------ Supplied records
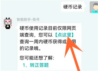 4、接着在与客服智能助手的对话栏中输出【硬币记录】查询,随后点击客服给出来的链接【点这里】。
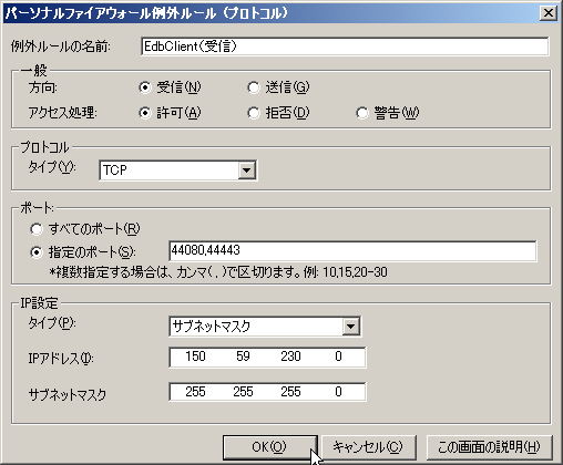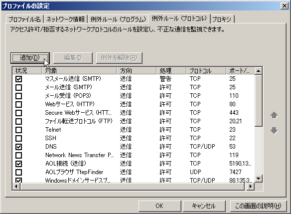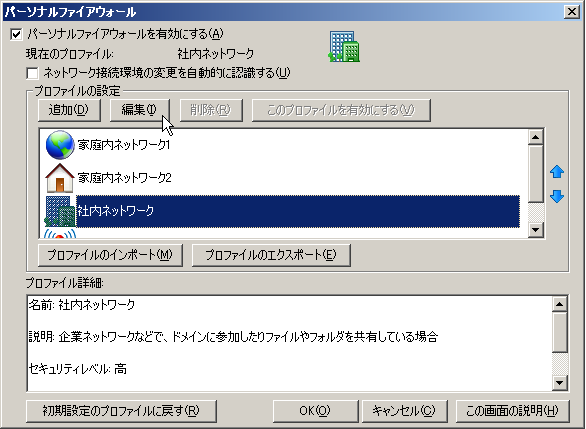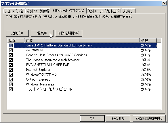 教員業績評価シートプログラムは EDB サーバと通信を行いますが,ファイアウォール機能等をもつセキュリティソフトを利用されている場合,サーバとの通信をブロックされてしまうことがあります. この場合,以下に示す A〜Cのいずれかの方法 で教員業績評価シートプログラムの通信を許可していただく必要があります. |
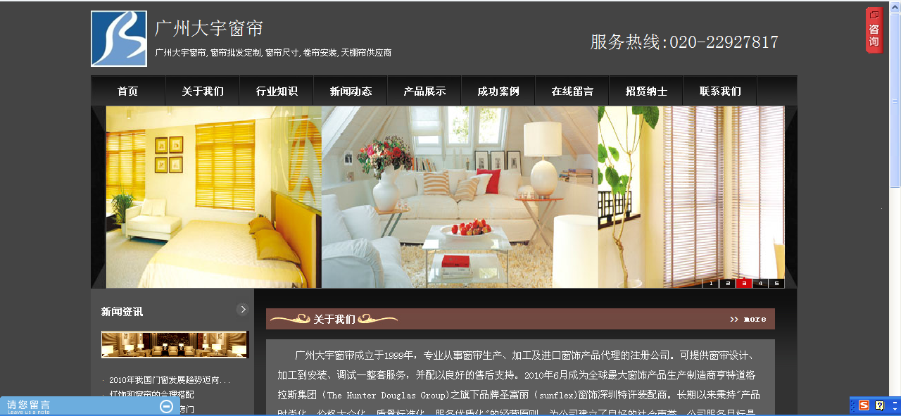 现我司声明:广州大宇窗帘或广州创宇窗帘、广州创宇窗帘有限公司及其法人何钊明、股东何创宇均与我公司无任何关联,其企业网站上所展示的公司商标、相关信息及工程案例均属非法盗用,该企业及其相关人员的任何行为均与我公司无关。
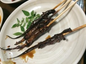 料理の品目:サンショウウオの串焼き
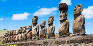 【復活節島】面積大約166平方公里,人口大約四千人。位於島上中部之雕像「Ahu Akivi」巨大平台上矗立著七座雕像,特別之處是向海而立,有別於其他石像背海面向內陸的擺放。全島唯一的一尊有眼睛及頭戴紅帽的雕像;傳說有眼睛的Moai便擁有神奇力量,但為何現在只剩下一尊擁有眼睛呢?團友可藉此親身揭曉謎團。
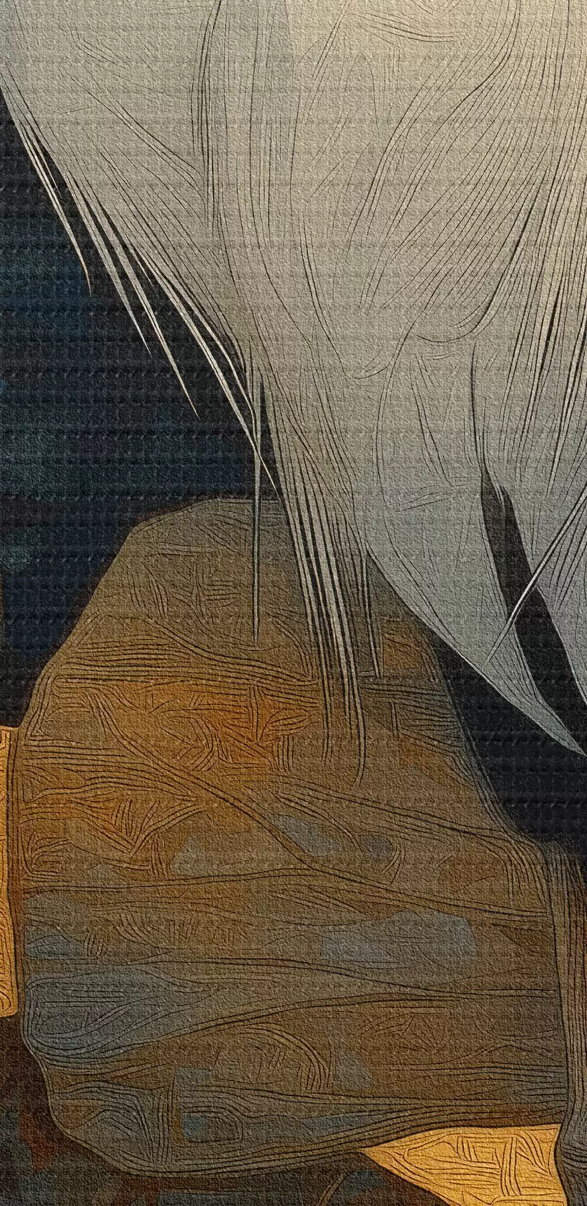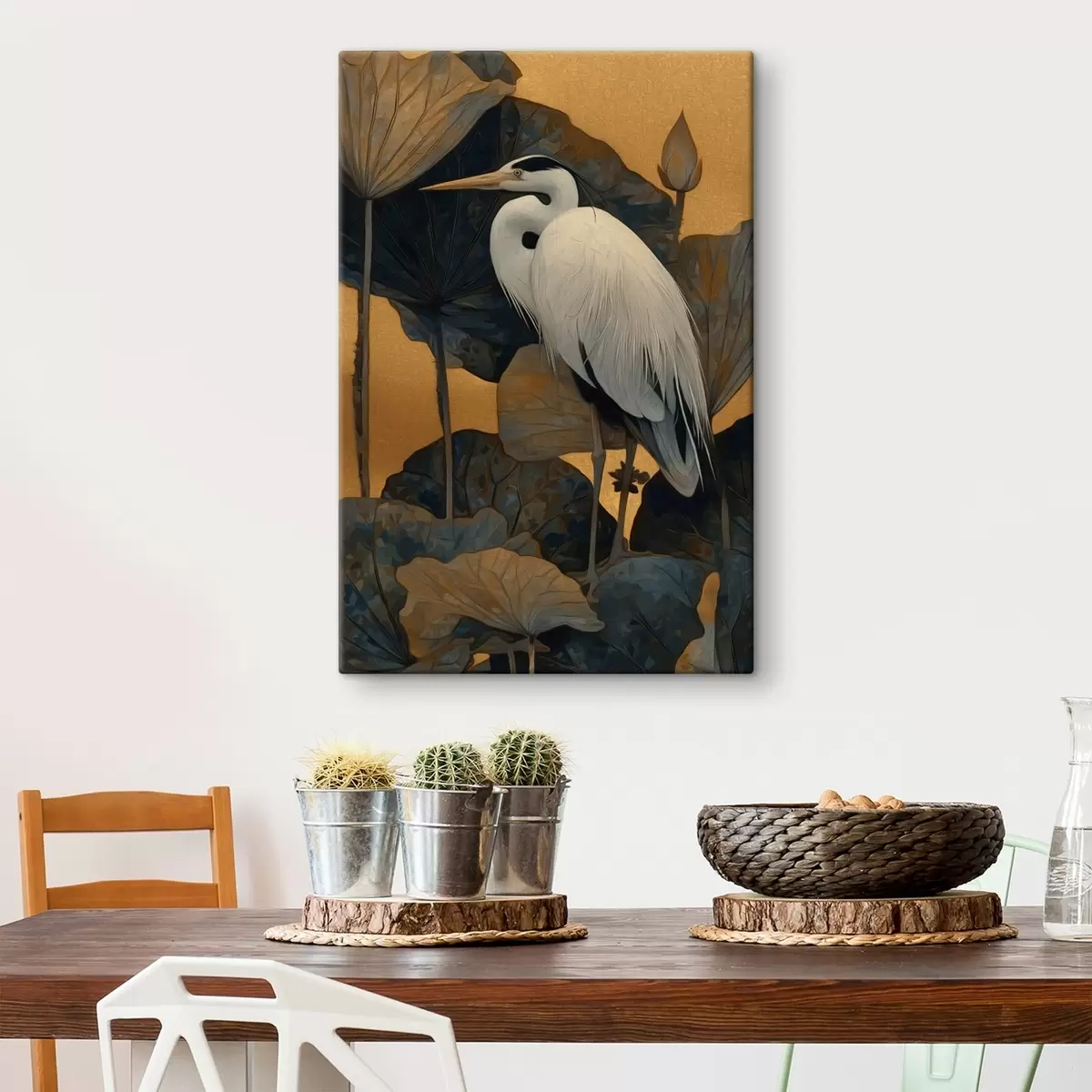 Gemälde Weißer Reiher zwischen großen Blättern auf warmem Hintergrund Art. s46147
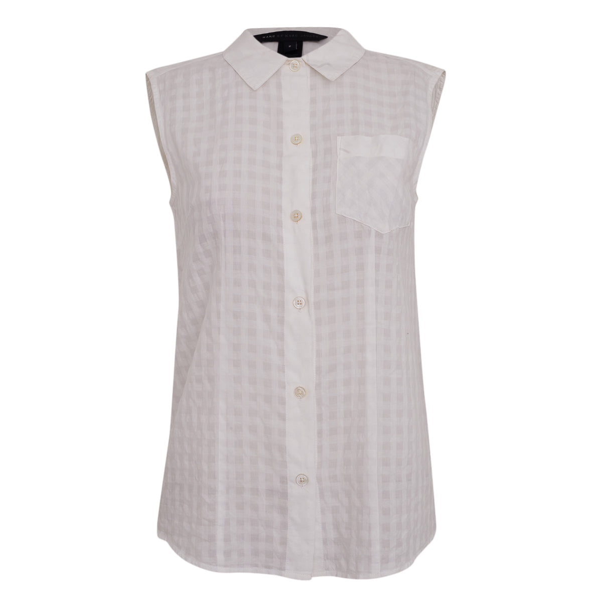 Detalhes: Camisa Marc Jacobs confeccionada em modal, alogdão e linho branca vichy sem mangas. Possui botões e um bolso na parte frontal da peça.
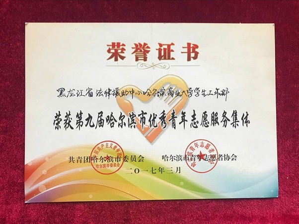 2017年3月,共青团哈尔滨市委、哈尔滨市青年志愿者协会授予黑龙江省法律援助中心哈尔滨商业大学学生工作部“第九届哈尔滨市优秀青年志愿服务集体”称号。这一荣誉的取得,表明了法援工作部的志愿服务工作在校团委和法学院的双重领导下,在工作部全体青年志愿者的共同努力下得到了全面的提升和发展。
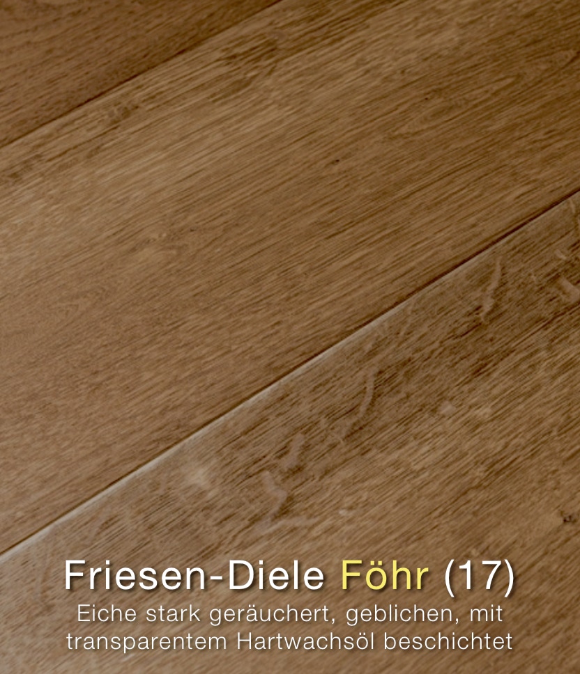 Jeder Friesen-Dielen-Boden ist eine Sonderanfertigung, die auf Kundenwunsch erfolgt. Als Basis für die Friesen-Dielen dienen unsere unbehandelten Eichen-Dielen in Natur-, Rustikal- oder Country-Sortierung (hier klicken).
------------
- Problem details
Transcribe exactly the lines from the one with "2017年3月,共青团哈尔滨" to the last line of the records, both included, so that no picture appears in the copy.

- Completed exercise
 2017年3月,共青团哈尔滨市委、哈尔滨市青年志愿者协会授予黑龙江省法律援助中心哈尔滨商业大学学生工作部“第九届哈尔滨市优秀青年志愿服务集体”称号。这一荣誉的取得,表明了法援工作部的志愿服务工作在校团委和法学院的双重领导下,在工作部全体青年志愿者的共同努力下得到了全面的提升和发展。
 Jeder Friesen-Dielen-Boden ist eine Sonderanfertigung, die auf Kundenwunsch erfolgt. Als Basis für die Friesen-Dielen dienen unsere unbehandelten Eichen-Dielen in Natur-, Rustikal- oder Country-Sortierung (hier klicken).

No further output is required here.